A woman in her early forties walks into one of your stores. She has been thinking about a particular jacket for two weeks. She came in today to buy it. She picks it up, tries it on, checks the mirror. It fits. The price makes sense. She is close to buying.
Then a track comes on that reminds her of a bar she went to in college.
She does not consciously register the music. She does not think about playlists or brand positioning. She just feels, for a second, like something is off. The jacket is still good. But the moment has shifted. She puts it back. She tells herself she will think about it.
That sequence plays out in retail stores every day. The research on music congruence, going back to Areni and Kim in 1993, consistently shows that when the audio in a store conflicts with the customer’s expectations for the space, purchase confidence drops. Customers do not blame the music. They downgrade the brand.
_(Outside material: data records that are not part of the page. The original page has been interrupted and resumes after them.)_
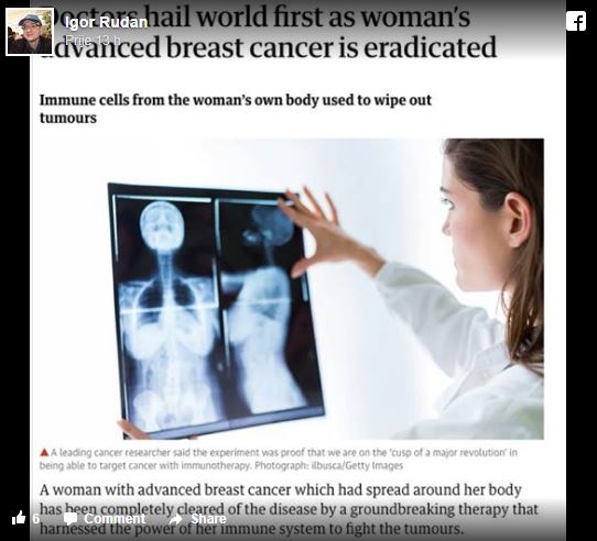 Hrvatski znanstvenik Igor Rudan, s adresom u Edinburghu u Velikoj Britaniji, oduševljen je vijestima iz SAD-a – eksperimentalnom metodom imunoterapije liječnici su uspjeli spasiti ženu s uznapredovalim, agresivnim oblikom raka dojke.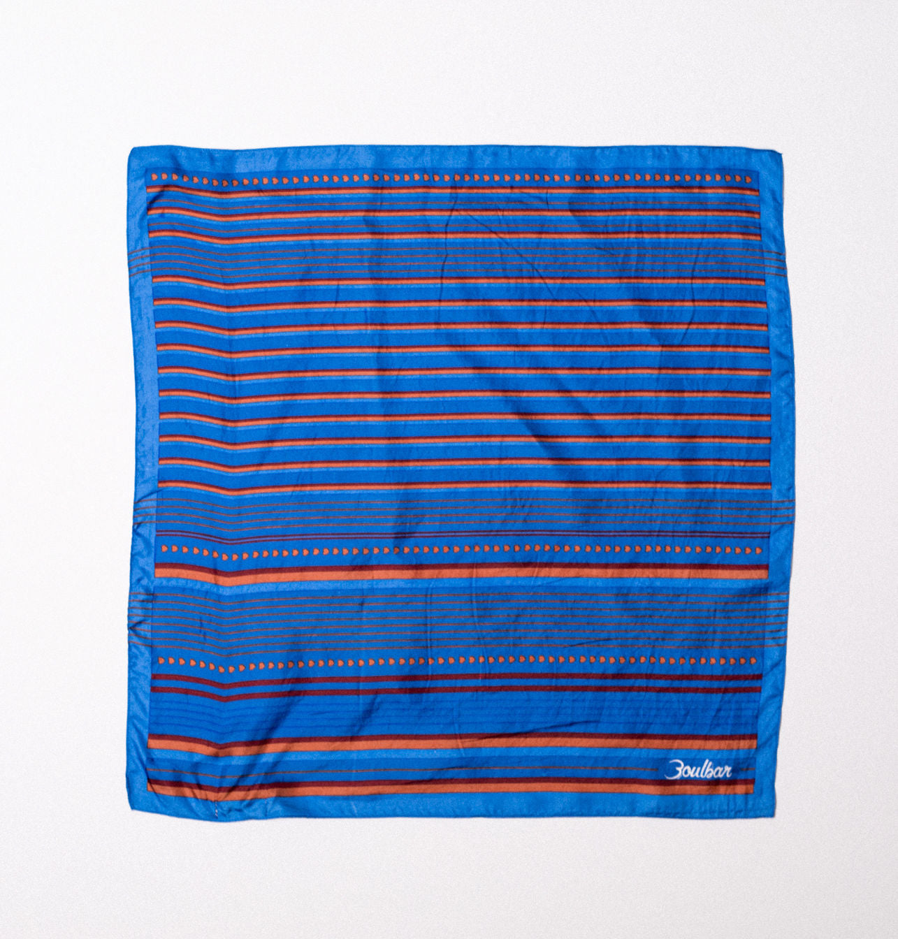 A hand-crafted silk scarf from Boulbar. The scarf is square-shaped and features a striped print.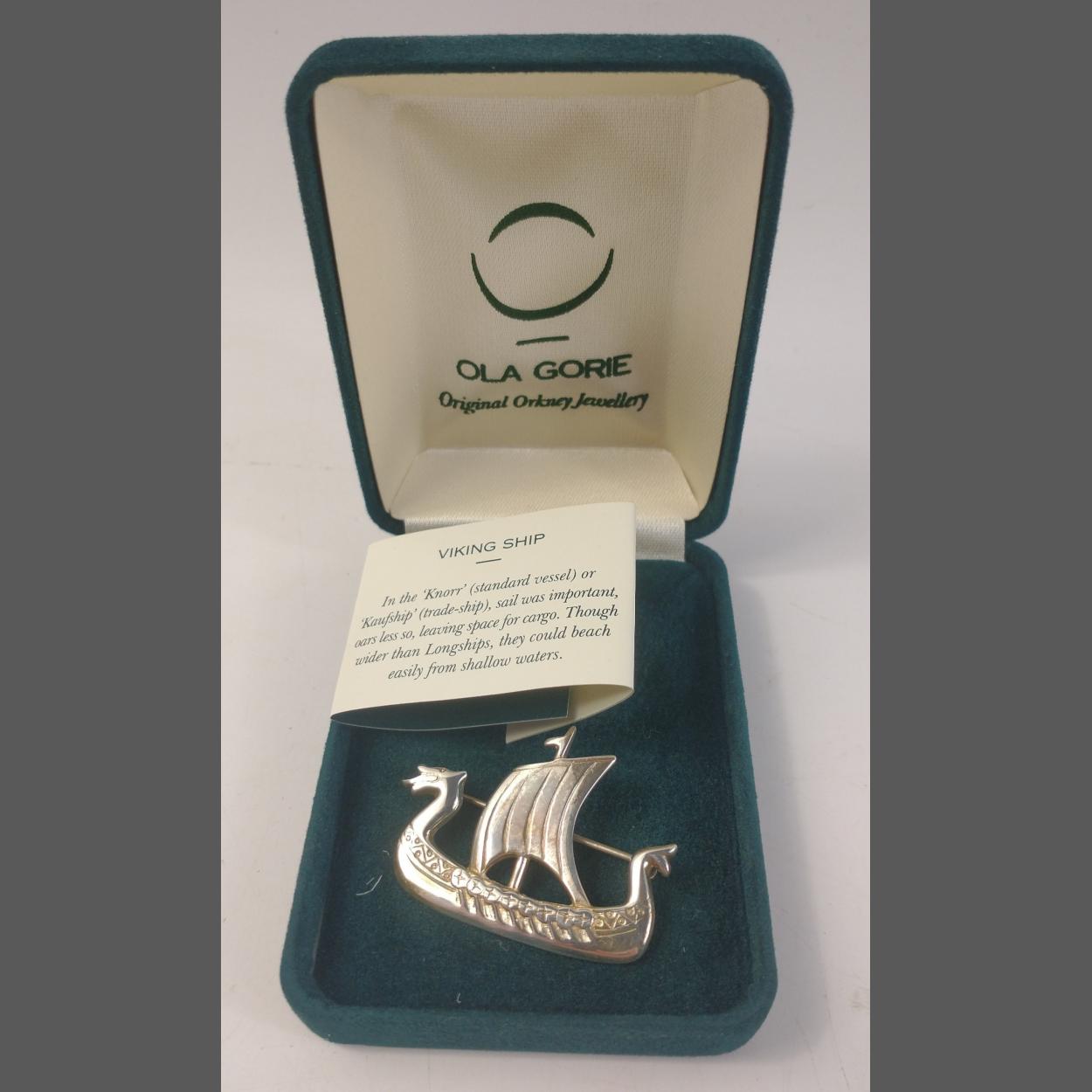 A SILVER OLA GORIE stamped viking ship in full sail - still within its original green velvet jeweller's box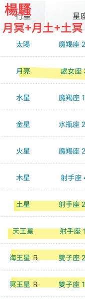 楊騷:月處女,土星射手,冥王雙子,月土90+月冥90+土冥180

They walk out thinking “maybe later,” and most of them do not come back for that item.
The effect runs both directions. Customers who walk into a space where the music matches what they expect from the brand spend more time there, report higher satisfaction, and show a measurably higher willingness to pay. Areni and Kim found that gap at 8 to 12 percent on willingness to pay alone. That number has held up across follow-up studies in different retail categories.
North, Hargreaves, and McKendrick added an important detail: customers update their assessment of a store continuously throughout the visit. The audio is not a first impression that fades. A playlist that starts well and drifts into something off-brand does not get credit for the good start. The customer’s perception adjusts to the worst moment.
What is your music really saying about your brand? #
Walk through your own brand standards document. You will find specifications for fixture finish, signage font, lighting color temperature, even the scent in some cases. You will almost certainly find nothing about the audio playing in the store.
In a multi-location operation, that gap multiplies. Each store ends up with whatever the regional manager set up, whatever the streaming service surfaced that week, whatever the opening associate thought sounded good on a Tuesday morning. The brand team built a visual environment with precision. The audio is improvised.
This matters because music is continuous sensory input. It runs from the moment a customer walks in until the moment they leave. Every other brand signal, the fixtures, the signage, the lighting, stays constant. The audio changes track every three minutes. Each new track is either reinforcing the brand or undercutting it, and nobody in the organization is watching which one.
There is a concrete step you can take this week. Walk three of your stores during peak hours. Stand near the fitting rooms or the register for fifteen minutes and listen. Ask yourself whether each track that plays sounds like it belongs in the space your brand team designed. If you notice even one that feels wrong, your customers noticed it too. They just did not tell you. They adjusted their opinion of the store instead.